The land subsidence in Uttarakhand's hill town Joshimath, which has forced hundreds of residents to evacuate in the last two weeks, only reminds us why. An article published in a national daily pointed out that two different expert scientific committees, one in 1976 and another in 2021, had raised red flags, warning against heavy construction work, felling of trees and rampant agricultural activity on the slopes of the town. In fact, the 2021 panel of geologists had even recommended urgent slope stabilisation and evacuation, but no action was taken.

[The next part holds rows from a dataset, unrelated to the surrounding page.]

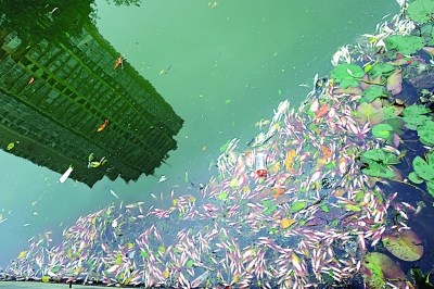 內秦淮河河面上的死魚。 范曉林 攝
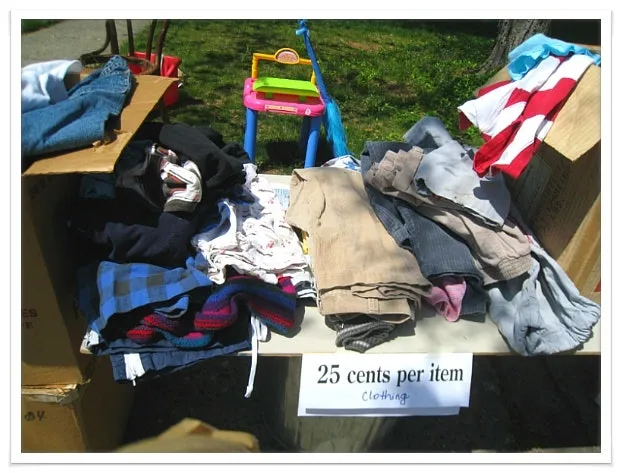 단돈 25센트에 가져가라는 헌 옷가지들도 뜰에 나앉아 모처럼 햇볕바라기 중입니다
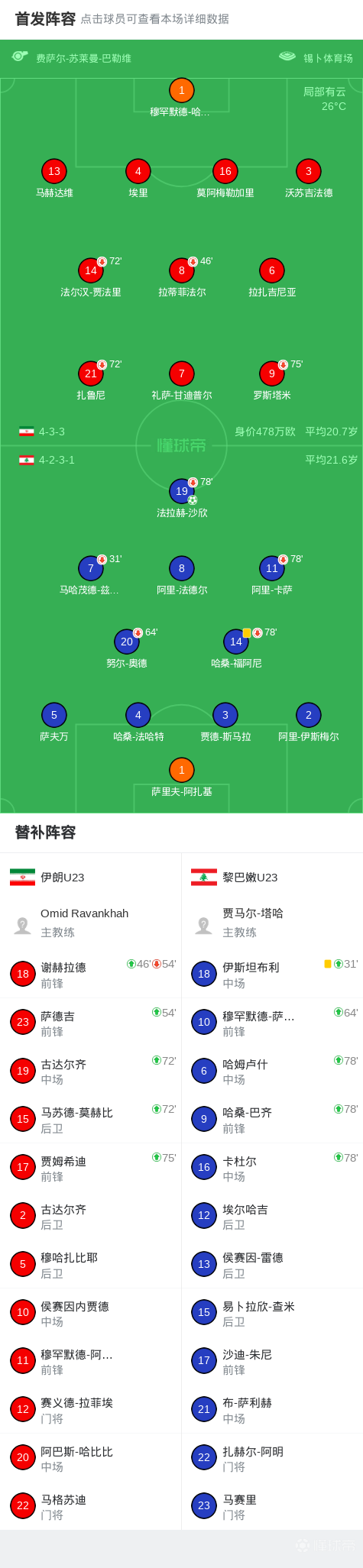 在1月13日进行的U23亚洲杯小组赛第三轮比赛中,伊朗U23与黎巴嫩U23展开对决。比赛中,黎巴嫩U23球员法拉赫-沙欣主罚点球命中,为球队取得领先。凭借此次进球,黎巴嫩U23保持优势至终场。最终,伊朗U23两度中框0-1黎巴嫩U23双双出局。

That men of science are being consistently ignored and sometimes even silenced, became evident when the National Disaster Management Authority (NDMA) last week directed organisations against releasing data related to Joshimath on social media platforms or interacting with the media. The direction came after the Indian Space Research Organisation (ISRO) had in a report stated that the town had sunk 5.4 cm between December 27 and January 8. ISRO later withdrew the report and related satellite images from its website. Scientists and conservationists are not surprised by this U-turn.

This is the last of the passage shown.